Photo on the grounds of Crespi Estate. Danny Fulgencio

Your Preston Hollow Advocate this month offers an extraordinary look inside the Crespi Estate, formerly the Tom Hicks mansion, and expounds on plans for the property’s future.

The estate, in its years, never has left much space or call for hyperbole or illusory selling points — it is that insane. I mean, an Italian count built the mansion in the ’30s. We could almost leave it at that. ‘Nough said. Almost. But, no, read on. It’ll take just a few minutes.

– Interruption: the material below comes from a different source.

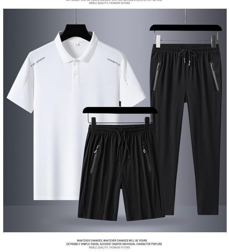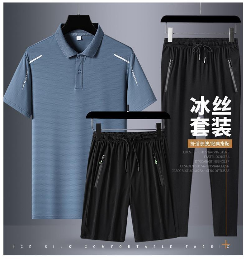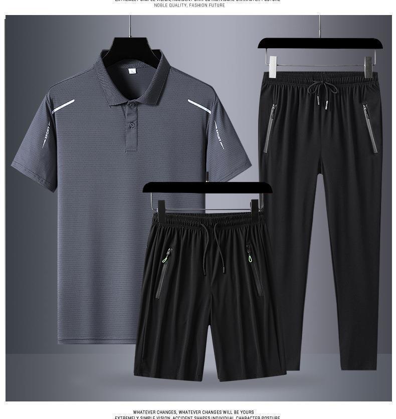 Verano helado juego deportivo hombre rápido secado tres piezas juego casual mangas cortas pantalones largos polo juego deportivo al por mayor
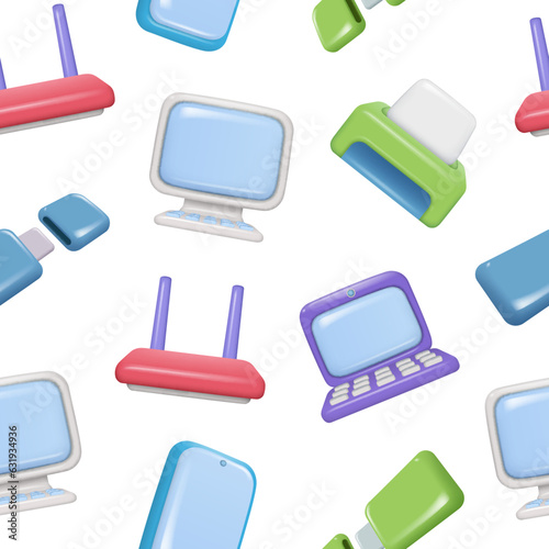 Computer gadgets pattern. Seamless background with laptop tablet pc printer decent vector smart devices

Tycoon Tom Hicks purchased and expanded the estate in 1969. The remodel job was arcane, grandiose, fantastic, ludicrously pricy, as the Advocate notes:

…  from 2000 to 2002, Hicks arranged to open the Indiana quarry to make sure the exact vein of limestone was used. Each piece was then sent to Italy for crafting. The Hickses restored and expanded the mansion, which took as many as 250 craftsmen. Renovation cost was estimated at $2,000 per square foot. He also added a 3,300-square-foot, two-story guesthouse with a full kitchen, living room and dining room and a recreational complex with a pool and 4,800-square-foot hangout with a 19-seat cinema-quality theater …

Formerly the Hicks estate. Danny Fulgencio

In 1995 the businessman, billionaire, entrepreneur bought Dallas’ NHL team, the Dallas Stars, and in ’97, he added the Texas Rangers baseball team to his collection (he’d later buy a soccer team too).

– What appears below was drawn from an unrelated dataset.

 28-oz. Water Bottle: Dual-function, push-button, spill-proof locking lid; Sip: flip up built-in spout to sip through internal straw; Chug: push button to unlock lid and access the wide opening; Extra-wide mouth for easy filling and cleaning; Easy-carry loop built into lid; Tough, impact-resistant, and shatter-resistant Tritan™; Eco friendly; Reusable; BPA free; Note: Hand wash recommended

Hicks waded into the sports industry during the same years a group of sports and radio broadcasters began brainstorming, and eventually established, a sports talk radio station—’the little Ticket,’ as the old timers call it.

Today Sportsradio 1310 The Ticket posts some of the strongest ratings in the Dallas market, enjoy’s a cult-like following and has won a Marconi Award for Best Sports Station in America.

The morning show, featuring funnyman Gordon Keith, Craig Miller and George Dunham brings listeners (at 8:40 a.m. daily) interviews with celebrity impersonators (usually Keith).

The whole Hicks, wild mansion, sports team franchising situation provided irresistible, hilarious material, so over the years we enjoyed several interviews with the fake Hicks (portrayed by Keith), and the over-the-top, mysterious mansion always was part of the fun.

A diehard fan started a site call the UnTicket, where he archives most Ticket bits, and with just a wee bit of digging, we found the one where Miller and Dunham discuss with fake Hicks the Preston Hollow manor he had just placed on the market for $100 million. (Which he actually sold at that price within about a year.)

Leave it to Keith to make the whole situation even more insane than reality, as he, as Hicks,  describes the 27 bedroom, 28 bath (along with “some more downstairs”) as the “only home in the southwest that has its own indoor helipad.”

He goes on to describe an “olympic-sized koi pond” and “24-lane bowling alley in the basement” … and another one in the attic.” The “master bedrooms located within other master bedrooms (just confusing), a lighthouse, you know, to go with the inland harbor,” … good schools … on the grounds, of course — Hicks ISD.”

Fake Hicks promised to include the staff in the asking price. “Four strong Egyptian men carry me from room to room,” he explains. There’s mention of a puppy mill and organ harvest ward …  “I don’t know if that’s a big seller or not,” George interrupts.

Um, oh yes, there are Applebees and TGI Fridays on the premises, Fake Hicks says and adds that (prepare yourself for the sort of sentence of which Keith and only Keith is capable) “The house is entirely automated so I can control it from my apple watch or my iPhone Android so if you’re coming home, for example, from meeting a sheik who’s going to sell you a million barrels of Barry market crude in exchange for, I don’t know, providing arms to religious extremist groups and you want to lower the temperature in your house’s live-music venue to 72 degrees you can do that.”